From Bitkom's point of view, three areas need to be addressed:
- Increasing competitiveness: creating framework conditions that promote innovation, including by closing the IT skills gap, reducing bureaucracy and digitalisation in administration and striking a new balance between data protection and data use.
- Strengthening key technologies: Moving away from the scattergun approach still practised in research funding towards focussed funding of key digital technologies with a leverage effect. Such key digital technologies include, in particular, artificial intelligence, quantum computing, the industrial metaverse and IT security. The expansion of Germany into a hot spot for chip production is also part of this. National measures must be closely dovetailed with activities at EU level.

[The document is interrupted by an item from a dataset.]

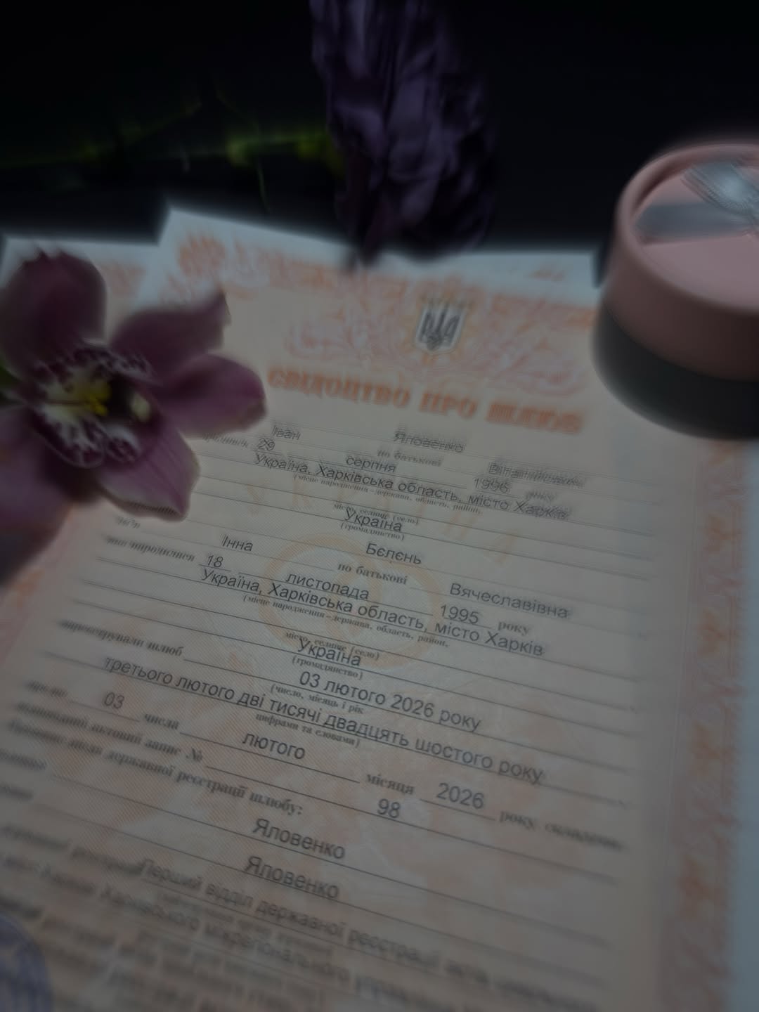 Як відомо з опублікованого свідоцтва про шлюб, тепер Інна Бєлень буде носити прізвище чоловіка — Яковенко.

- Promotion of fields of application: Focus on technology interfaces between strong industries established in Germany and digital applications. There are worthwhile fields of application in digital medicine and autonomous, intermodal mobility, among others. Digital ecosystems need to be established in these areas. The introduction of super depreciation could massively increase the necessary digital investments.
Bitkom President Dr Ralf Wintergerst: "Despite all the crises: We are living in an era of opportunity. Never before has such a wealth of new, fascinating technologies emerged in such a short space of time. Germany missed out on the first two waves of digitalisation, which were driven by the Internet and the smartphone. With AI, quantum computing and the industrial metaverse, Germany now has the chance to play a leading role again. We must and can develop core competences in key digital technologies. Establishing digital sovereignty must become the core of German economic policy in the future."